My little girl is a person, not a virtual PPS number
Having read Brendan O'Connor's article on giving children with disabilities their voice, Dublin father Dave Lawlor was compelled to write this letter about his daughter Grace, who cannot speak
Published 05/06/2016 | 02:30
Our daughter Grace is a gorgeous eight-year-old girl who lights up a room when she enters. Grace is active, inquisitive and funny and cares about her family and friends. She has a rare genetic condition resulting in physical and intellectual disabilities. Grace fell last year and broke two bones in her arm. We didn't know this because she continued trying to find her ball and then started playing. We didn't know her arm was broken because the genetic condition she has can result in a significant pain threshold. I can still see the shocked and incredulous faces of the excellent doctors, who had watched her play, when they viewed the X-ray images. We didn't know her arm was broken because Grace can't speak.
Grace attends St Michael's House, a super organisation providing schooling and other services to individuals with disabilities in many areas. However, St Michael's House is being screwed financially by the HSE. Even now, as a young child, Grace and others like her are not seen as people but as virtual PPS numbers with associated budgets to be manipulated at will. Budgets have been slashed in recent years to the point where the delivery of speech and language and other therapies is severely restricted.
Therapists, SNAs and teaching staff are excellent and do what they can to ensure their charges progress to the best of their abilities. However, open positions are left unfilled, therapists struggle with a lack of resources and parents are, as Brendan rightly pointed out, being asked to become front-line speech and language therapists due to the void created by budget decisions.

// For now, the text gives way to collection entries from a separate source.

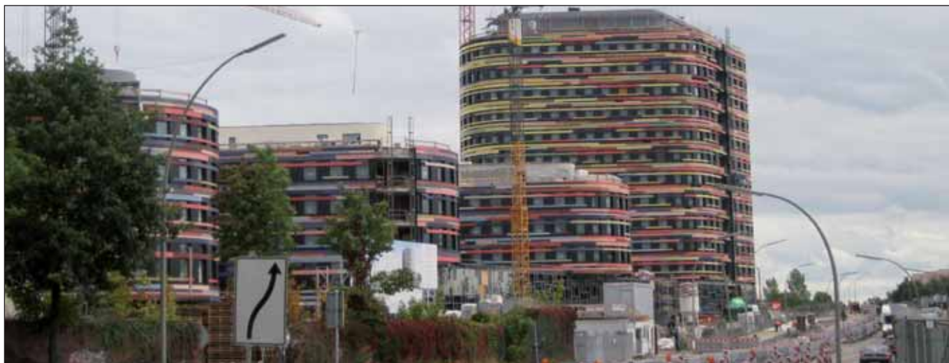
Auch ein IBA-Projekt: das neue BSU-Gebäude (M. Joho)

Ende März wurde die Internationale Bauausstellung (IBA) in Wilhelmsburg eröffnet. An dieser Stelle möchte ich eine erste Einschätzung geben. Die IBA hat sich auf ihre Fahnen geschrieben, die Stadt der Zukunft zu repräsentieren. Innere Entwicklung eines Stadtteils und Stärkung der Vielfalt waren ebenso Schlagworte wie das Versprechen des Bürgermeisters Olaf Scholz, hier solle eine Aufwertung ohne Verdrängung stattfinden.
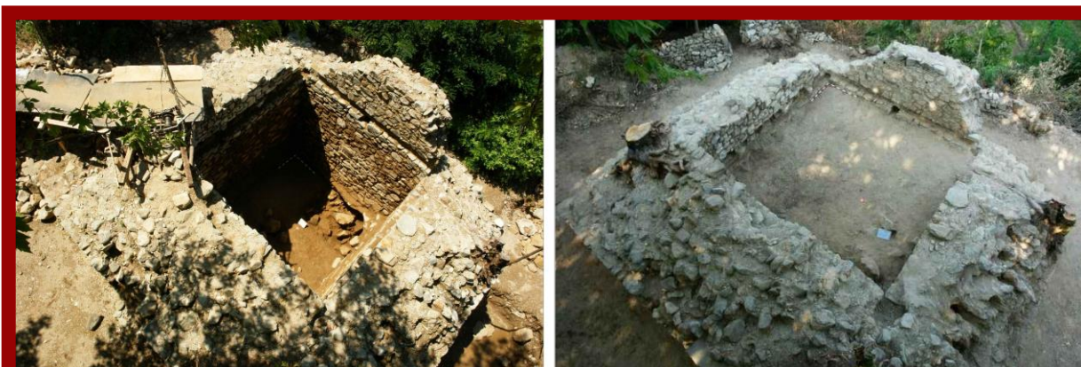
Fig 2. Археолошки истражувања на Пирг кулата - с.Мокриево (2011-2012)
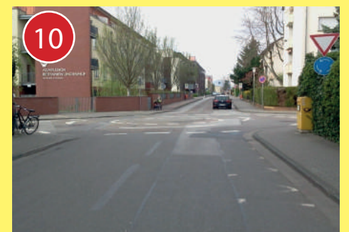
10 Heinrich-Fuchs-Straße/Kolbenzell: Fahre an diesem Kreisverkehr besonders vorsichtig und achte auf die Autos, da hier oft zu schnell gefahren wird und die Autofahrer nicht immer auf die Radfahrer achten.
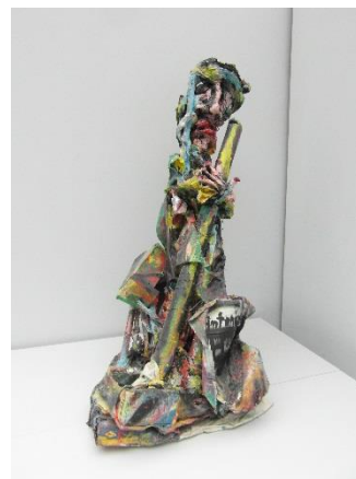
„Pilger“, Diözesanmuseum Würzburg
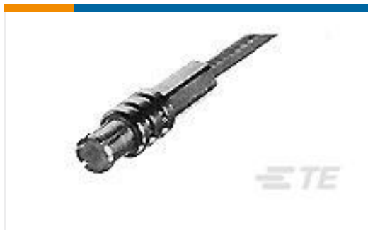
TE 产品编号1060875-2 MCX CABLE PLUG, CRIMP ATTACH

This brings more guilt down on parents. Can you imagine the stress of trying to save for private speech therapy sessions, getting through normal family life, minding your partner and now, in the dark of night, you get to feel guilty because you believe you are not improving your child's speech as much as a qualified therapist would?
Think of the arguments and grief as one partner attempts to console the other that they are a great parent doing a terrific job for their child. All this set against the ticking timebomb of 'early intervention'.
However, it is in open society that her lack of voice really hits home. I have lost count of the number of times I have choked as other children stare at, and then walk away from, Grace because she can't speak, or how others will shout at her because they are nervous or see her as different. I have watched the faces of mature adults as they stare at Grace, to the point of rudeness, and then avert their eyes. If they only knew how she loves people to say hello and engage with her.
She is a loving, warm child and the absence of speech is a hugely significant block to general acceptance in society, never mind friendship. Will it impact on love later in her life? Maybe, but hopefully she will have the love and companionship she deserves.
Grace is adored by her family and they do all they can to ensure she is safe and well and stimulated. We are trying to build her skills for independence in the future. However, the future is stark. We will not always be around to mind her or advocate on her behalf.
Do we believe this nation will mind her properly? To be honest, no. We are fearful for her future. If the State makes it so difficult for her family to advocate on her behalf, what will they do to her as an older woman who can't speak for herself?
The constant struggle to be granted allowances and benefits and the subsequent battles to retain them is a story of petty decisions that reflect real life for us. Grace has lost her medical card, not because her condition has improved, because it won't; this is a lifelong condition.
No, Grace lost her medical card because daddy earns too much, according to the HSE. They don't care that her mother has to go to work to make ends meet, thereby impacting on Grace's care and progress at home. God forbid an individual with a lifelong condition would be granted a medical card for life in this wonderful nation of ours. However, thankfully, the bankers and investors are getting their money back and are okay, because that would be a real tragedy, with real economic impact.
I am not moaning. We are blessed to have Grace and she makes us better, more aware people and we will continue to do what we can to set her up for life. It is just that I am fed up with this crap; fed up feeling powerless to help my little girl or my wife and son who have to deal with this as best they can.
I am scared for my little girl and the future she faces into. I need to vent and you are it!
You have opened a door Brendan, and I am starting to shout. All I want is for my child to speak. She may never speak but that does not mean she should not be afforded every opportunity to develop speech if possible.
I can't adequately describe my utter disdain for the HSE decision-makers and government malcontents who have created an environment where parents nationwide can't sleep properly at night for fear of the now as much as the future, so I will leave it to Grace. Oh, sorry, she can't speak.